Research suggests the answer is “yes.” Studies have considered the economic impact of implementing the ACA with its Medicaid expansion and found that, as a full package, the economy grows along with jobs. A new report by the Bay Area Council, a business-sponsored public-policy organization for the San Francisco Bay Area, estimates that the “full implementation of the Affordable Care Act as compared to the non-reform scenario in 2010 would have resulted in 98,861 new jobs in California . . . and $4.4 billion in additional gross state output.” This projection is further supported by a study of Massachusetts health reform, published in the New England Journal of Medicine, showing that health care employment in Massachusetts grew by 9.5 percent in the five years from the start of reform, compared with 5.5 percent nationally. In addition to job growth, the experience in Massachusetts also showed that the expansion of Medicaid decreased the costs to state and local governments of uncompensated care by 38 percent in the first full year of implementation.

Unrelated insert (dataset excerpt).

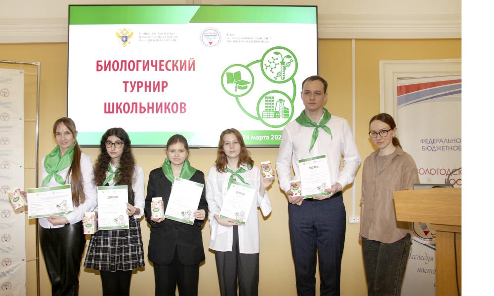 Победителем Биологического турнира школьников стала команда «Долгоножковые ложноносики» из МАОУ «Средняя общеобразовательная школа с углубленным изучением отдельных предметов № 8» г. Вологды (руководитель команды: учитель биологии и географии И.А. Кочуло). Второго места была удостоена команда «Биолегенды» (Частная школа «Другая школа», г. Вологда), третьего – команды «Майские лопушки» (МБОУ ВМО «Майская средняя школа имени А.К. Панкратова», Вологодский муниципальный округ) и «Химбиши» (МАОУ «Средняя общеобразовательная школа № 37 имени Маршала Советского Союза И.С. Конева», г. Вологда).

In addition to the economic boost, California recognizes that individuals with health insurance generally have better health outcomes. On every single health measure, California outperforms Texas: lower blood pressure, lower obesity and smoking rates, greater consumption of fruits and veggies, more leisure time dedicated to physical activity, and greater access to preventative care, from cholesterol screenings to routine check-ups to dental visits.
In medicine, it is unethical to conduct an experiment in which one patient gets medicine that clearly works and another does not. But, alas, this isn’t medicine. It’s pure politics. Instead of wringing our hands, we will let our system of federalism play out, with states like California and Texas acting as the laboratories of democracy.
We’ll know soon enough just how the Affordable Care Act is working.